--- Information provided ---
▶

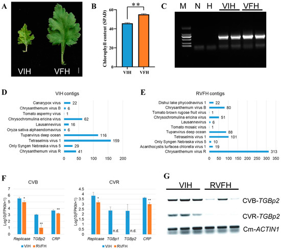 Detection of plant viruses in the field. (A) Leaf symptoms of VIH and VFH in the field. Scale bar = 0.5 cm. (B) Chlorophyll content of VIH and VFH (n = 5). (C) CVB and CVR were detected by RT-PCR (35 cycles). M, mark; N, ddH2O; H, the healthy virus-free seedling in tissue culture. (D) The number of contigs in VIH. (E) The number of contigs in RVFH. Selected with an E-value of 1 × 10−10 and a 90% match ratio of virus sequences in NCBI viral reference genome database. (F) The expression levels of CVB and CVR genes (n = 3). TGBp, triple gene block protein; CRP, cysteine-rich protein; n.d., no detection. (G) The expression levels of TGBp2 were detected by semi-quantitative RT-PCR (28 cycles). C. morifolium ACTIN (CmACTIN) was used as an internal control. Values are the mean ± SD. Student’s t test; * p < 0.05; ** p < 0.01. The primers are listed in Table S5.
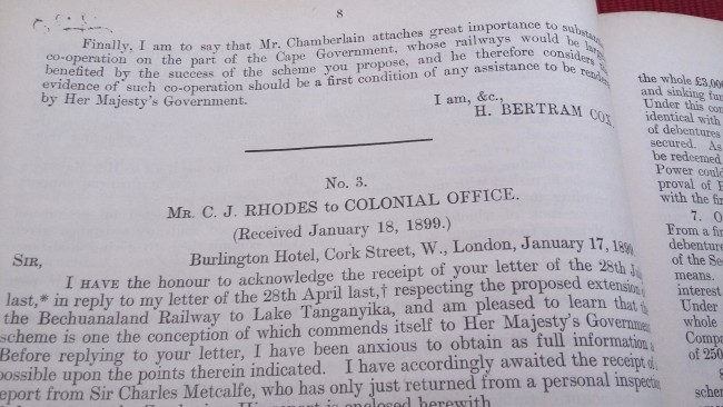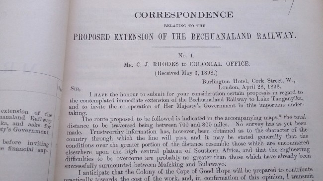 Mr. C. J. Rhodes to Colonial Office (April 28, 1898) - Submits proposals for the extension of the existing line of the Bachuanaland Railway Company to the Lake Tanganyika, and asks for the co-operation of Her Majesty's Government.
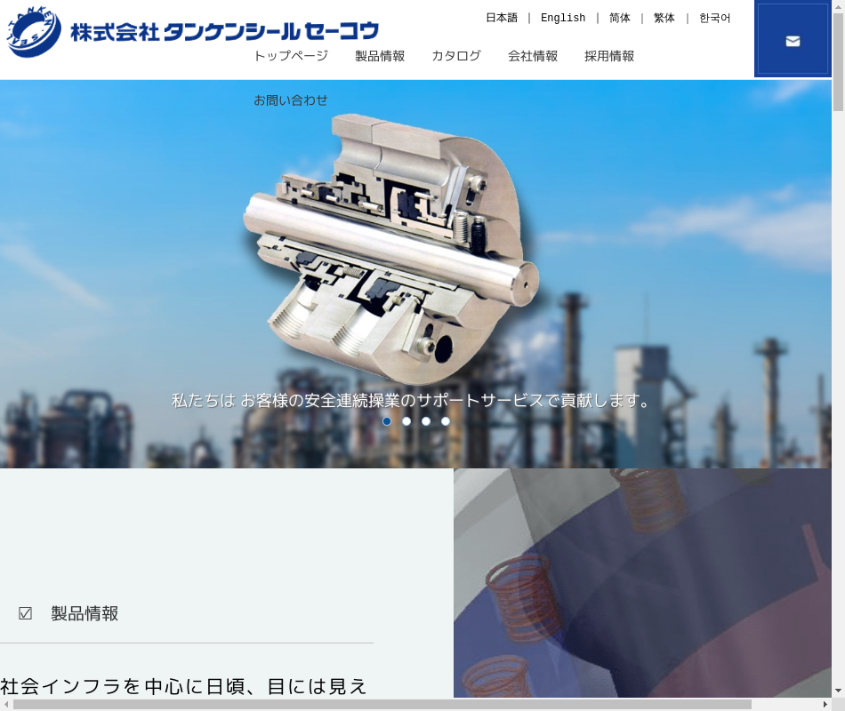 | 事業内容 | メカニカルシール、機械用カーボン、カルボン球パッキン、油圧ユニット、ボディフレーム、シール部品再生、等製造販売。『タンケン(探検)すればセーコウ(成功)する』をモットーとしています |
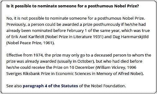 அதாவது, 1974ம் ஆண்டுக்குப் பிறகு, மறைந்த ஒருவரின் பெயர் நோபல் பரிசுக்கு பரிந்துரைக்கப்படுவது இல்லை. ஒரு வேளை, நோபல் பரிசு அறிவிக்கப்பட்டு, பரிசு வழங்கப்படுவதற்கு முன்பே, அவர் இறந்துவிட்டால் மட்டுமே, அந்த பரிசு அவரது பெயரில் வழங்கப்படும். அதுவும் நோபல் வரலாற்றில் ஒரே ஒரு முறை நடந்துள்ளது.

◀

--- Task goal ---
Repeat the lines above exactly, and keep every picture out.

--- Written solution ---
 Detection of plant viruses in the field. (A) Leaf symptoms of VIH and VFH in the field. Scale bar = 0.5 cm. (B) Chlorophyll content of VIH and VFH (n = 5). (C) CVB and CVR were detected by RT-PCR (35 cycles). M, mark; N, ddH2O; H, the healthy virus-free seedling in tissue culture. (D) The number of contigs in VIH. (E) The number of contigs in RVFH. Selected with an E-value of 1 × 10−10 and a 90% match ratio of virus sequences in NCBI viral reference genome database. (F) The expression levels of CVB and CVR genes (n = 3). TGBp, triple gene block protein; CRP, cysteine-rich protein; n.d., no detection. (G) The expression levels of TGBp2 were detected by semi-quantitative RT-PCR (28 cycles). C. morifolium ACTIN (CmACTIN) was used as an internal control. Values are the mean ± SD. Student’s t test; * p < 0.05; ** p < 0.01. The primers are listed in Table S5.
 Mr. C. J. Rhodes to Colonial Office (April 28, 1898) - Submits proposals for the extension of the existing line of the Bachuanaland Railway Company to the Lake Tanganyika, and asks for the co-operation of Her Majesty's Government.
 | 事業内容 | メカニカルシール、機械用カーボン、カルボン球パッキン、油圧ユニット、ボディフレーム、シール部品再生、等製造販売。『タンケン(探検)すればセーコウ(成功)する』をモットーとしています |
 அதாவது, 1974ம் ஆண்டுக்குப் பிறகு, மறைந்த ஒருவரின் பெயர் நோபல் பரிசுக்கு பரிந்துரைக்கப்படுவது இல்லை. ஒரு வேளை, நோபல் பரிசு அறிவிக்கப்பட்டு, பரிசு வழங்கப்படுவதற்கு முன்பே, அவர் இறந்துவிட்டால் மட்டுமே, அந்த பரிசு அவரது பெயரில் வழங்கப்படும். அதுவும் நோபல் வரலாற்றில் ஒரே ஒரு முறை நடந்துள்ளது.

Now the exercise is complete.